- Cover of the Grove Press paperback edition
- Original language: English
- Written by: Larry Kramer
- Subject: HIV/AIDS in the United States
- Genre: Drama
- Setting: National Institutes of Health

Premiere
- Date: October 11, 1992
- Place: Lucille Lortel Theatre New York City

= The Destiny of Me =

1992 play by Larry Kramer

The Destiny of Me is a 1992 American play by Larry Kramer. The play follows Ned Weeks, a character from Kramer's 1985 play The Normal Heart. The play premiered off-Broadway in 1992, and was a finalist for the Pulitzer Prize for Drama.

==Overview==
The Destiny of Me focuses on Ned Weeks, a character introduced in The Normal Heart, as he checks into the National Institutes of Health to undergo an experimental treatment for AIDS. Much of his story is told in flashback, as Ned recalls growing up as Alexander in a Jewish household where, as a hardcore theatre aficionado, he imitates Cornelia Otis Skinner and Mary Martin and adorns his bedroom with Broadway posters. He constantly is beaten by his father Richard, a government employee who never fulfilled the promise of his Yale education, for being "different" and a "sissy," while his sympathetic but complacent mother Rena fails to intervene. Meanwhile, both parents dote on his brother Benjamin, who grows up to become a successful attorney with a dazzling career.

==Productions==
The play premiered Off-Broadway, produced by the Circle Repertory Company, at the Lucille Lortel Theatre on October 11, 1992 and closed on March 21, 1993 after 198 performances. Directed by Marshall W. Mason, the cast included John Cameron Mitchell as Alexander, Jonathan Hadary as Ned, David Spielberg as Richard, Piper Laurie as Rena, and Peter Frechette as Benjamin.

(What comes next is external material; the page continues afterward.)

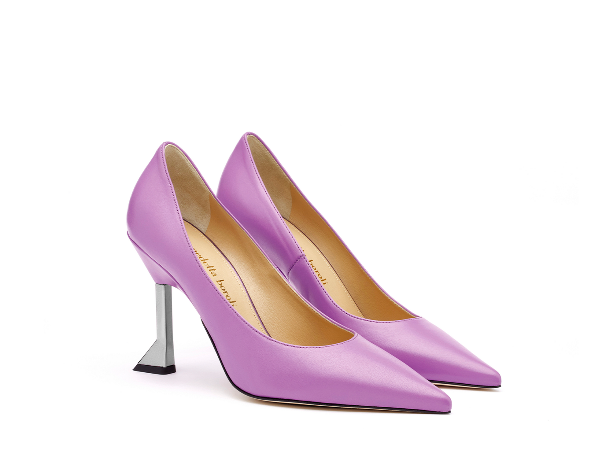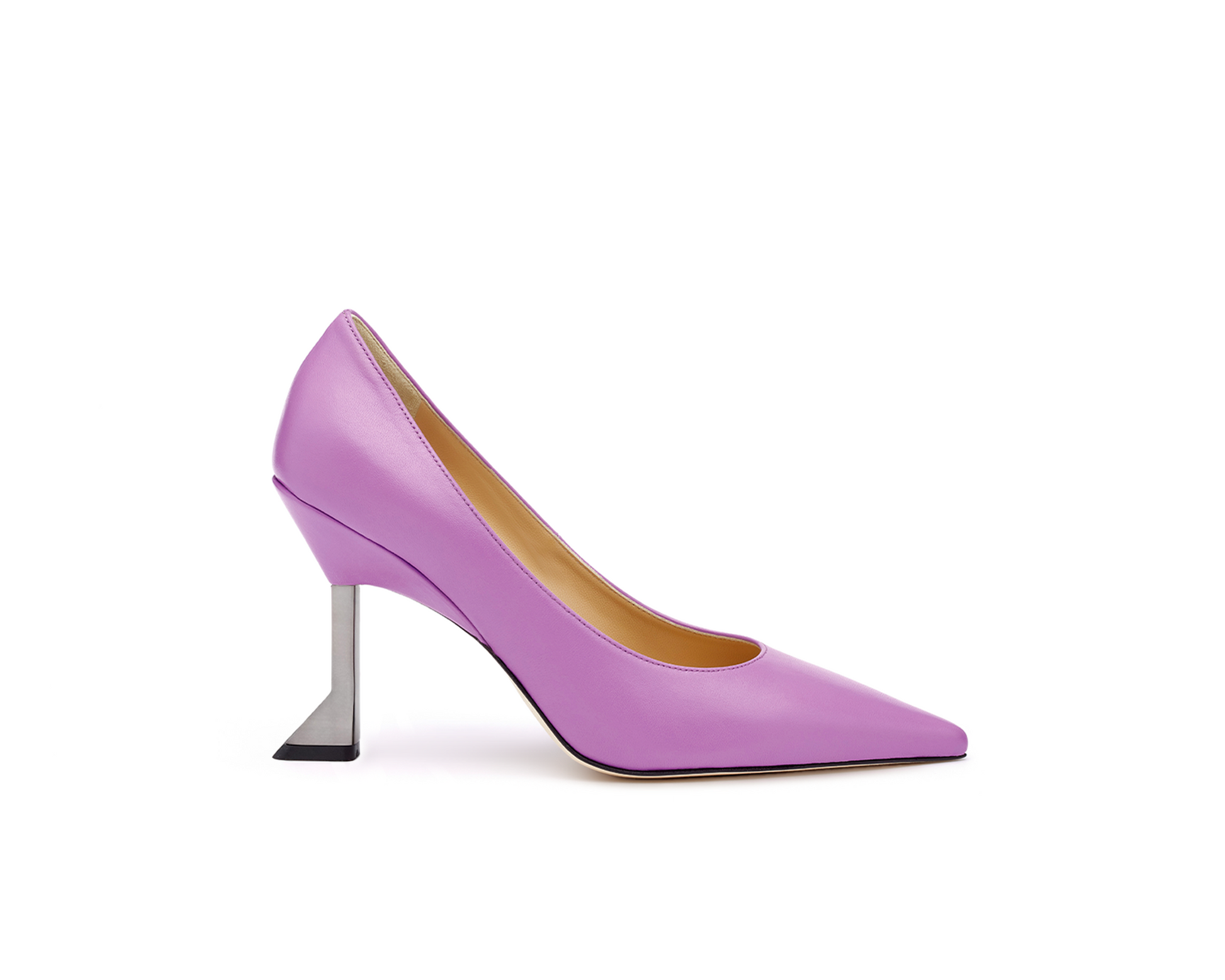 뾰족한 앞코와 곡선형 네크라인이 돋보이는 라벤더 나파 가죽 데콜테 슈즈입니다. 90mm 웨지 힐이 기하학적이고 대담한 느낌을 주며, 클래식한 디자인을 현대적으로 재해석했습니다. 시대를 초월한 우아함과 현대적인 디자인의 완벽한 균형을 이룹니다.

Larry Kramer was nominated for the 1993 Pulitzer Prize for Drama.
 Kramer won the Obie Award and the 1993 Lucille Lortel Award for Outstanding Play, and John Cameron Mitchell won the Obie Award, Performance, and was nominated for a Drama Desk Award as Best Actor in a play.

A one-night only benefit reading was held of the play in 2018, presented by The New Group. The reading featured Mark Ruffalo reprising his role as Ned Weeks from the film adaptation of The Normal Heart, Lee Pace as Benjamin, Ellen Barkin as Rena, Eric Bogosian as Richard, Gideon Glick as Alexander, and Josh Hamilton as Dr. Thomas Hamilton. Edie Falco read the stage directions.

==Critical response==
Frank Rich of The New York Times observed, "No one can accuse Mr. Kramer of being a boy who cried wolf. History may judge this impossible, reflexively contentious man a patriot. But what makes The Destiny of Me so fascinating, and at times overwhelmingly powerful, is not so much its expected single-mindedness about AIDS as its unexpectedly relentless pursuit of the crusader at center stage. Mr. Kramer cannot solve the medical mystery of the virus or the psychological mystery of the world's tardy response to the peril. What he can try to crack is his own mystery: Why was he of all people destined to scream bloody murder with the aim of altering the destiny of the human race? The writing in The Destiny of Me can fall short of Mr. Kramer's ambitions, but it is never less than scaldingly honest." He continued, "Not by happenstance is The Destiny of Me a juicy, three-act memory play in the mode of that Arthur Miller-Tennessee Williams era, with occasional flashes of humor reminiscent of latter-day variations on the form by Neil Simon and Herb Gardner... Given the conventionality of Mr. Kramer's dramatic format, one sometimes wishes the dialogue fleshing it out were finer. He has a good ear, but it is the ear of a journalist, not a poet."